Закипел, забулькал котел. Бабушка Эки помешала большой деревянной ложкой; попробовала, добавила соли. Запахло вкусным, даже Качикан облизнулся, следя за хозяйкой. «Чего не едите-то? — казалось, говорил он. — Я тоже хочу косточек». Заметив нетерпение Качикана, бабушка шикнула:
— Тулиски![32]
Собака виновато опустила голову.
Потом бабушка и Амарча неторопливо ели.
— Что-то твоего друга не видно, — обгладывая косточку, спросила бабушка.
Откуда я знаю, хотел сказать Амарча, как тут же послышались поспешные шажки.
— Вот и он!
Откинув лосину, в чум впрыгнул Воло. Каждый вечер приходил он к ним посидеть. Воло вытер рукавом под носом, шмыгнул и протянул бабушке что-то завернутое в бумажку:
— Ма, онеко, энё сиду унгчэн.

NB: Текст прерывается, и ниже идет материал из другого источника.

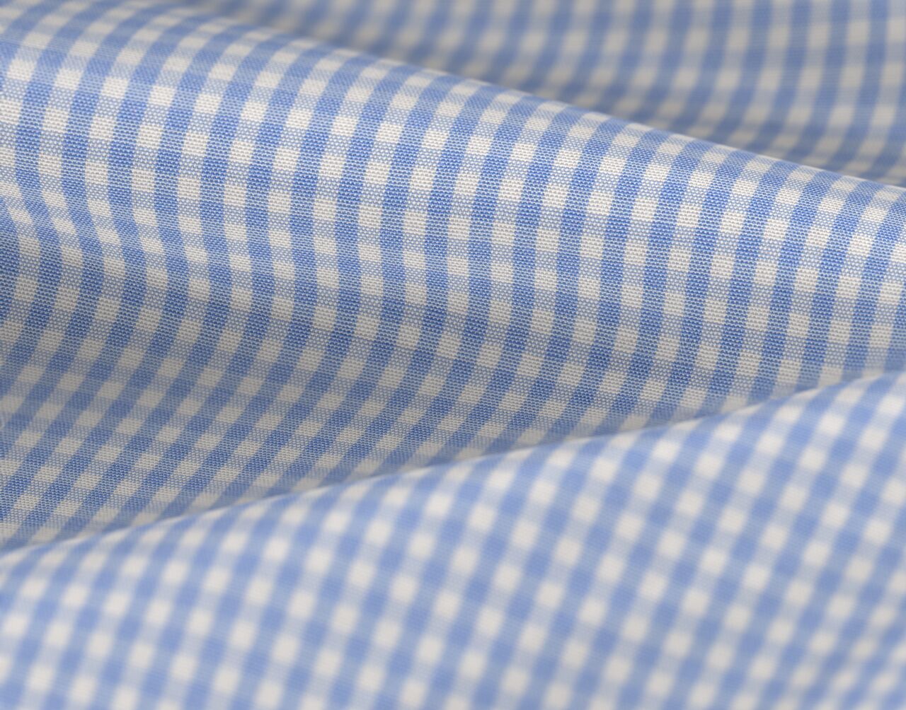 細番手双糸を使用した先染めカラー企画です。スーツスタイルに合わせやすい無地、ストライプ、ギンガムチェックのバリエーションは、ビジネスシーンに最適です。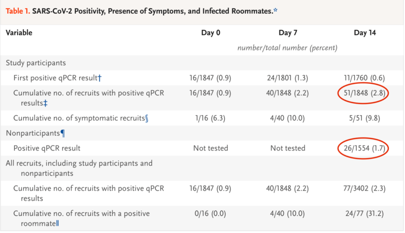No national news story that I have found highlighted the most important finding of all: extreme quarantine plus frequent testing and isolation among military recruits did nothing to stop the virus.

На, бабушка, мама просила передать.
— Что это?
— Сахар.
— У, расти большой, Воло! Скажи своей маме спасибо. — Убрала сверточек в турсук и заговорила сама с собой: — Надо сшить унты Наташе. Собираюсь, собираюсь, а собраться никак не могу: то камус невыделанный, то еще что. Добрая женщина Наташа-то, надо обязательно сшить… — Вытащила из котла тушку белки и пригласила Воло:
— Ну-ка, Воло, поешь.
— Я сыт, онеко, только что ужинали.
— Садись, Воло, покушай. Ты же не стесняешься нас?
Воло помялся и сел. Взял тушку белки и принялся объедать мясо. Ему нравилась наша еда.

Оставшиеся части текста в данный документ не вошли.